*About this exercise:*
For the entries below, repeat exactly each line starting with the one that contains "- A fully equipped" and going on through the one that contains "Mélodie QC Canada", and no others.

*Data:*

+---+

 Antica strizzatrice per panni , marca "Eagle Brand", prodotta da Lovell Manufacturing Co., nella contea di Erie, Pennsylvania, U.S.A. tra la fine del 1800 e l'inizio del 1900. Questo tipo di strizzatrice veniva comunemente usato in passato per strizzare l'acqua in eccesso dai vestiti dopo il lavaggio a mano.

+---+

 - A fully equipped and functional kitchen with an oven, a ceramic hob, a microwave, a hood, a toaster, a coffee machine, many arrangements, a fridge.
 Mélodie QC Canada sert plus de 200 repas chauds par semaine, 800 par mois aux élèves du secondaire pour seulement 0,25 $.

+---+

*Response area:*
 - A fully equipped and functional kitchen with an oven, a ceramic hob, a microwave, a hood, a toaster, a coffee machine, many arrangements, a fridge.
 Mélodie QC Canada sert plus de 200 repas chauds par semaine, 800 par mois aux élèves du secondaire pour seulement 0,25 $.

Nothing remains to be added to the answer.